[INPUT DATA]
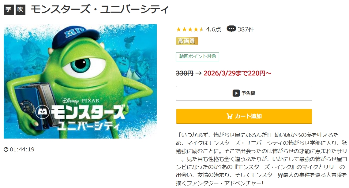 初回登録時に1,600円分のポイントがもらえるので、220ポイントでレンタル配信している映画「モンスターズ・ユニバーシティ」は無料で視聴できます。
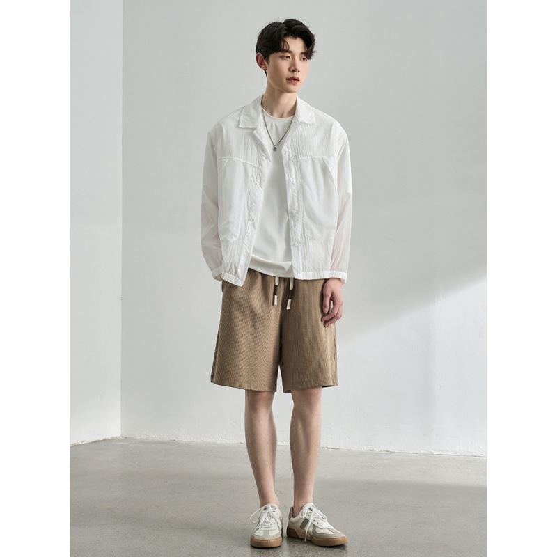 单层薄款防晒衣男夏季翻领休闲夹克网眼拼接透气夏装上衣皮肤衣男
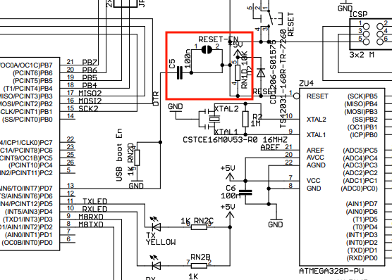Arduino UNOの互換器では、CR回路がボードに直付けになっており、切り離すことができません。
[/INPUT DATA]
• [YOUR INSTRUCTIONS]: Write out the data above in full and exactly, but not the pictures.

• [ANSWER BELOW]:
 初回登録時に1,600円分のポイントがもらえるので、220ポイントでレンタル配信している映画「モンスターズ・ユニバーシティ」は無料で視聴できます。
 单层薄款防晒衣男夏季翻领休闲夹克网眼拼接透气夏装上衣皮肤衣男
Arduino UNOの互換器では、CR回路がボードに直付けになっており、切り離すことができません。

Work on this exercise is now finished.